In the UK patients can go onto the NHS Choices website to search for consultantsand surgeons and view perfomance data on the number of procedures they have carried out and whether their 90-day patient mortality rate is within the expected range. A New Zealand Herald request for surgical safety records in 2016 led outgoing Ombudsman Ron Paterson to call on the Ministryto start publicly reporting patient death rates and other ‘outcome’ data of public hospital doctors or units by 2021.

Donnellan said in Australia insurance consumers are texted after payment inviting them to anonymously review their health professionals.
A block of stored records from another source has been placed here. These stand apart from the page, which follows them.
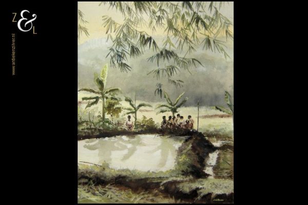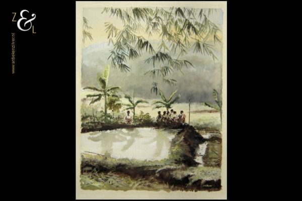 Deze aquarel met de voorstelling van vissende jongens is gemaakt in Indonesië en valt onder de zogenaamde Indische / Indonesische school. De aquarel is in aquarelverf rechtsonder gesigneerd door een voor ons nog onbekende kunstenaar. De aquarel die uit de helft van de 20e eeuw stamt (omstreeks 1940 – 1950) is 43 cm lang bij 32.6 cm breed.
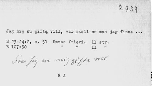 //// Jag mig nu gifta vill, var skall en man jag finna ... //// B 23-24:2, s. 51 Emmas frieri. 11 str. //// B 107:50 " " 11 " //// R A ! ////
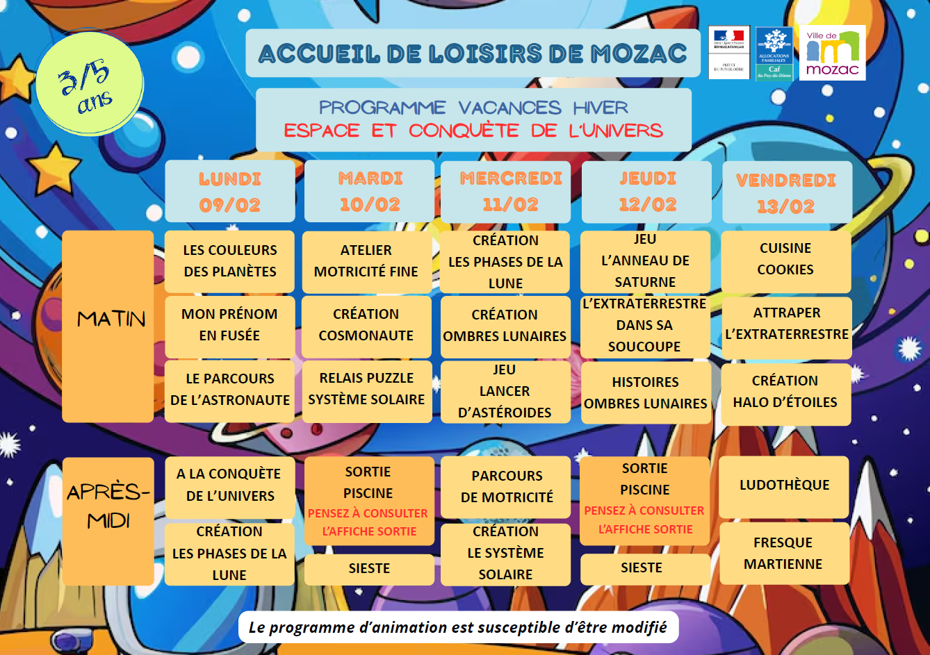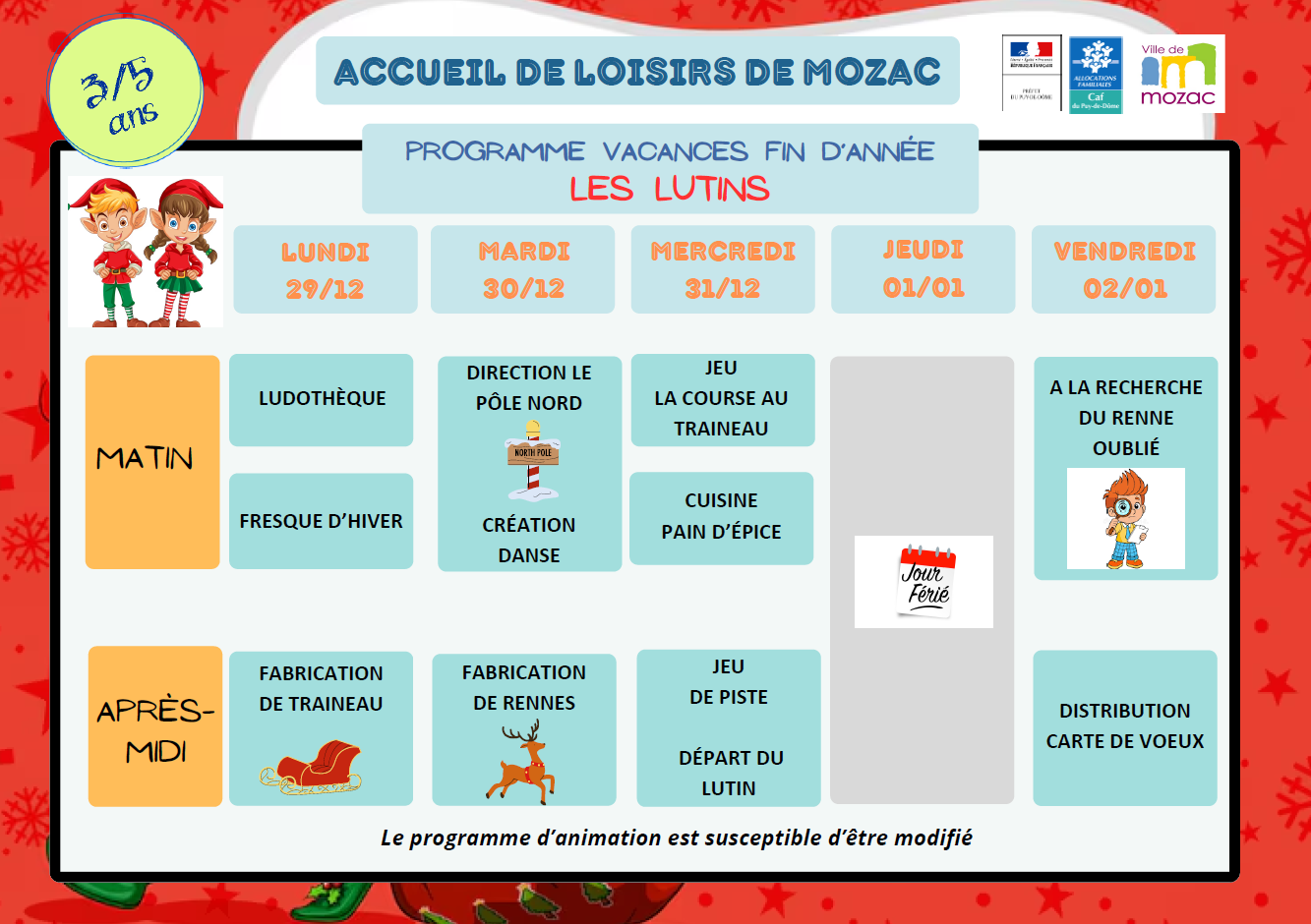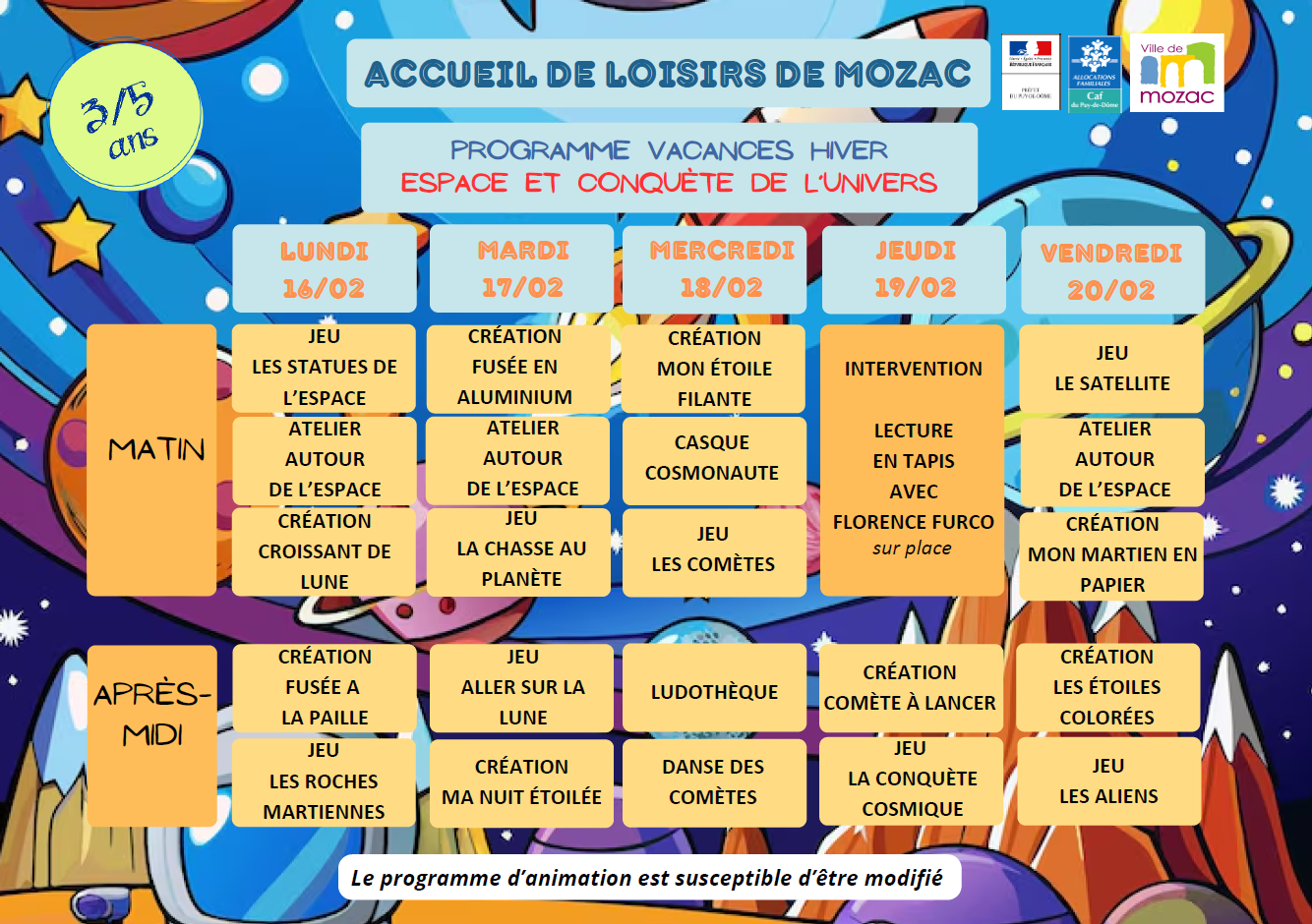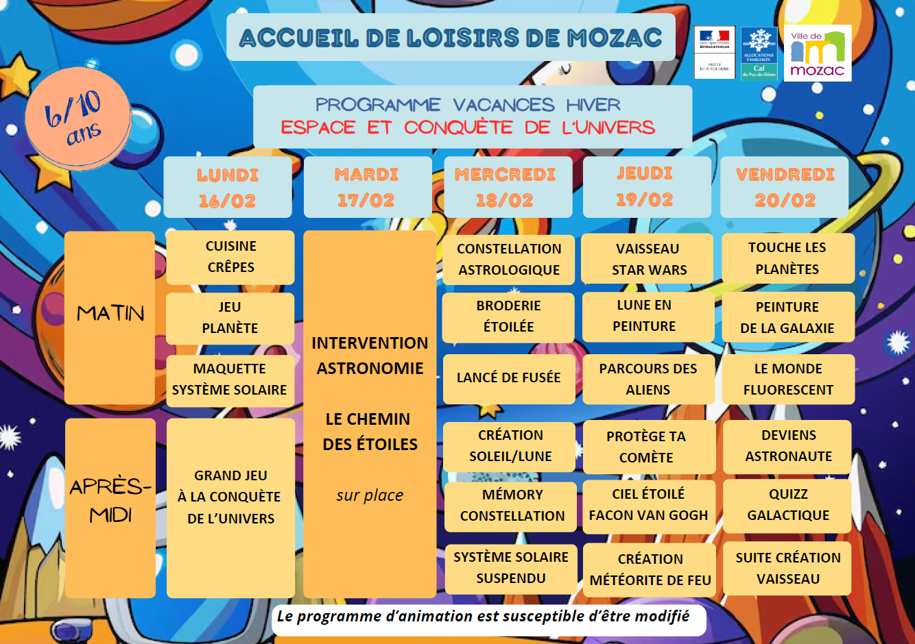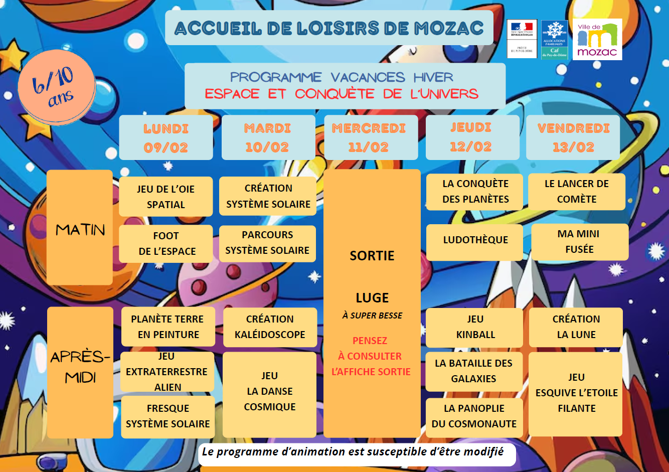 L’accueil de loisirs de la commune de Mozac est déclaré auprès du Service Départemental à la Jeunesse à l’Engagement et aux Sports. Elle se déroule au 50 rue de l’hôtel de ville 63200 MOZAC.

But there was also a process for the general public to submit reviews that were subject to a moderation process and there were software algorithms to detect and deter consumers or health professionals ‘gaming’ the system.

Whitecoat was initially launched in Australia professionals were asked to ‘claim’ and activate their Whitecoat profile or ask to be removed. Donnellan said on start-up in Australia it had about 500 professionals take up their profiles and over four years – and with the addition of two more insurers – it had now had 92,000 health professionals who had ‘claimed’ and activated their profiles (out of 220,000 listings) and 800,000 published reviews.

Donnellan said it chose to use the nib databases for the site’s initial health professional listings rather than  ‘scrape’ the listings from public lists of registered New Zealand health professionals as it was aware that would have been a great way to antagonise people. He said nib would be contacting the listed professionals inviting them to check out and either ‘claim’ their profile or opt out “then they disappear”. Non-listed health professionals can also chose to opt in to the site and Donnellan said it was also in discussion with ACC and other health insurance providers.

Whitecoat hopes to have 10,000 physiotherapists, dentists, GPs, specialists and other allied health professionals on the platform by end of September and 25,000 by the end of June next year.